International Day of Non-Violence is observed on 2 October, the birthday of Mahatma Gandhi. It was established on 15 June 2007 according to United Nations General Assembly resolution A/RES/61/271. The day is an occasion to "disseminate the message of non-violence ... through education and public awareness ... and reaffirm the desire for a culture of peace, tolerance, understanding and non-violence". It is not a public holiday, but is observed around the world in various ways, often to draw attention to global issues.
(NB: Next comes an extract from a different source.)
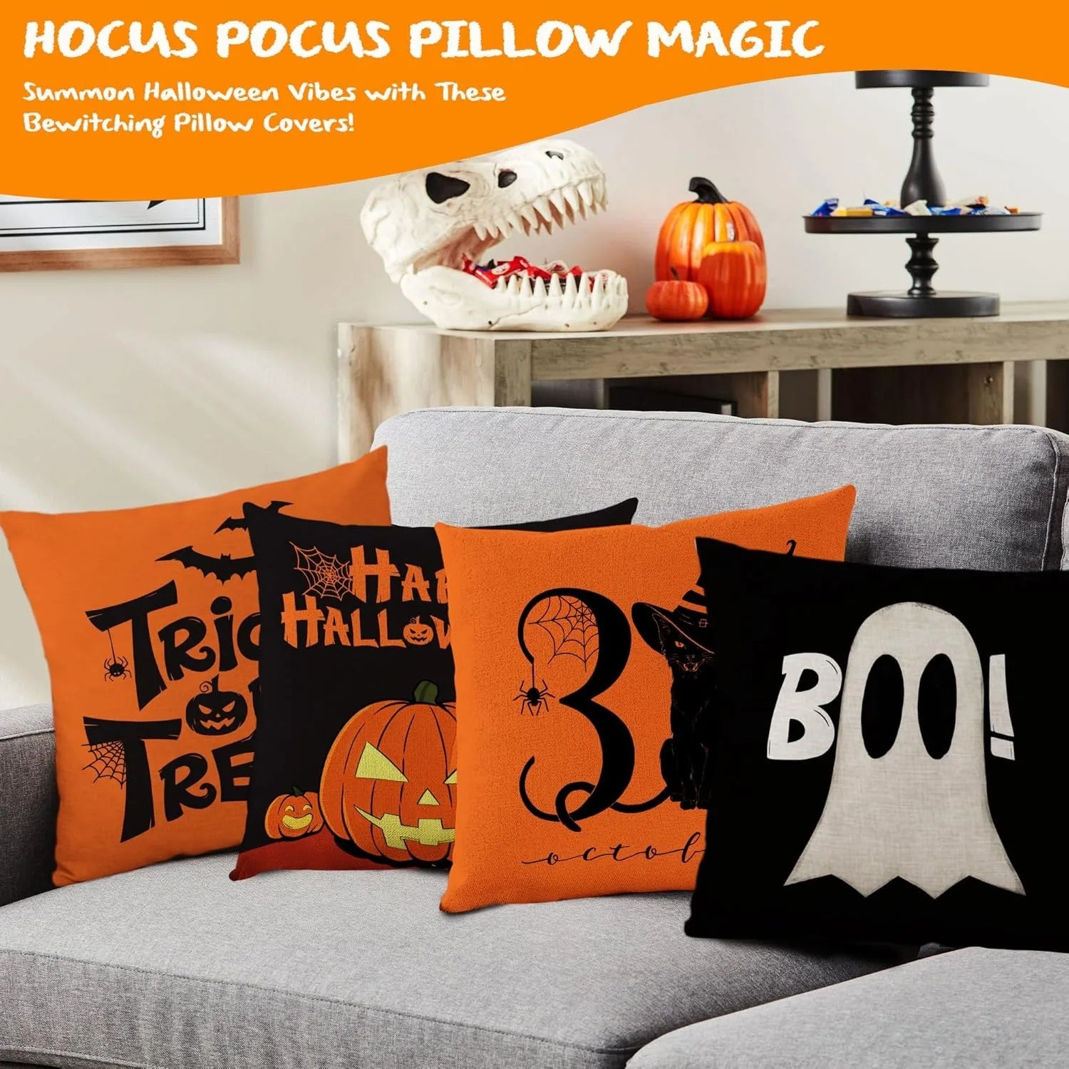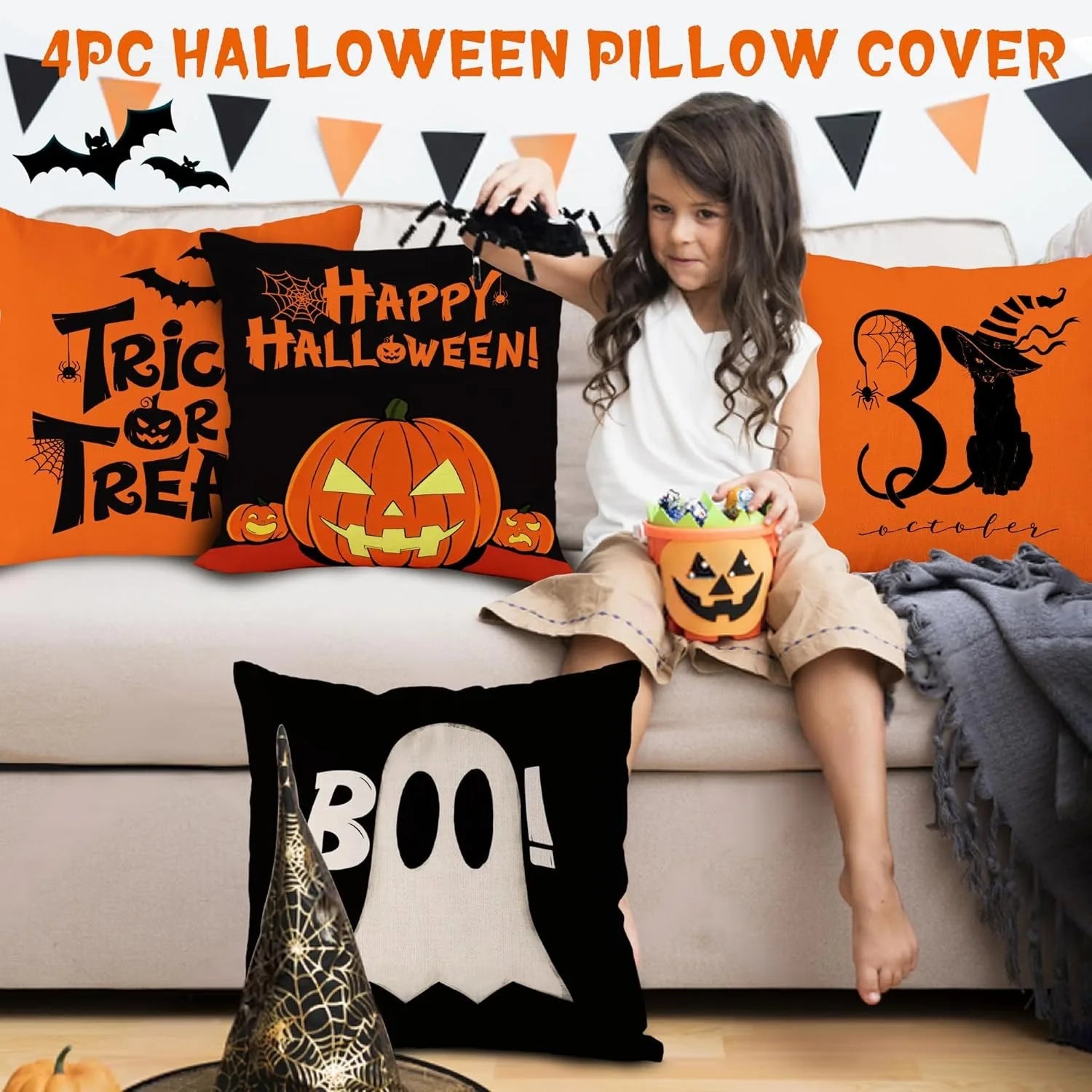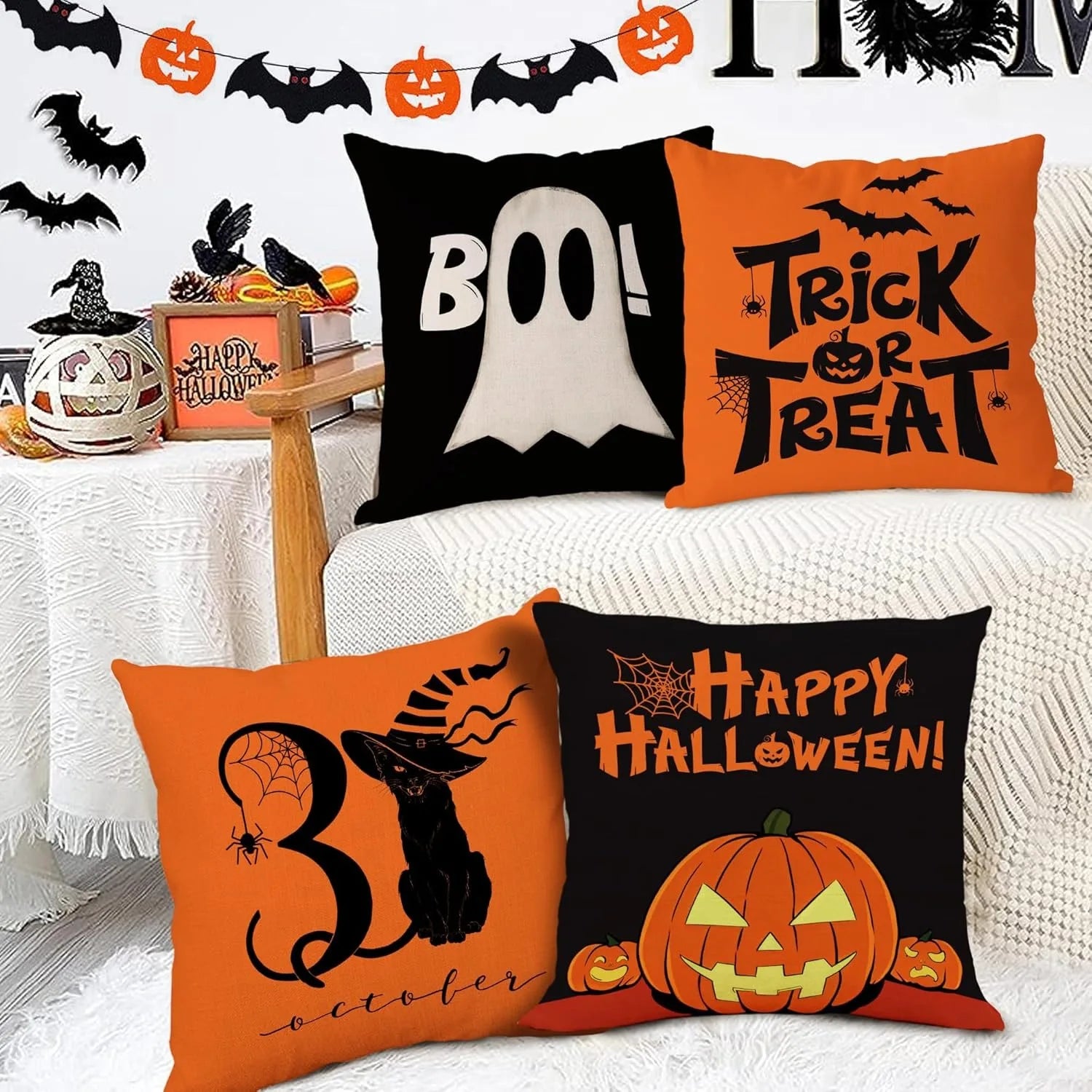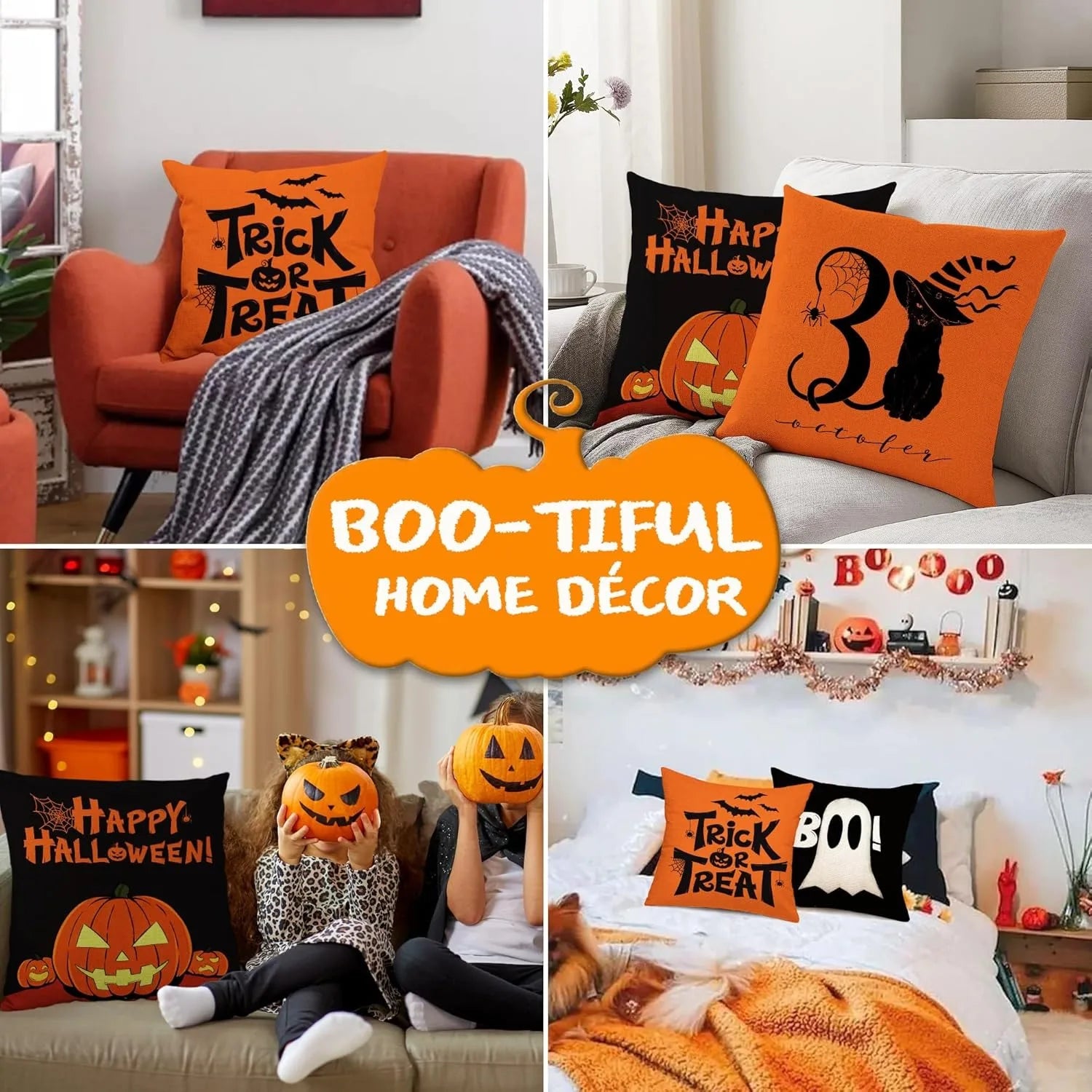 Spooky Halloween Decor: Trick or Treat, Happy Halloween, Boo, and Black Cat with 3 October Pillow Covers Sofa cushion cover,gift

Its date and purpose correspond with those of the Indian national public holiday of Gandhi Jayanti.

==Background==
In January 2004, Iranian Nobel laureate Shirin Ebadi had taken a proposal for an International Day of Non-Violence from a Hindi teacher in Paris teaching international students to the World Social Forum in Mumbai. The idea gradually attracted the interest of some leaders of India's Congress Party ("Ahimsa Finds Teen Voice", The Telegraph, Calcutta) until a Satyagraha Conference resolution in New Delhi in January 2007, initiated by Indian National Congress President and Chairperson of the United Progressive Alliance Sonia Gandhi and Archbishop Desmond Tutu, called upon the United Nations to adopt the idea.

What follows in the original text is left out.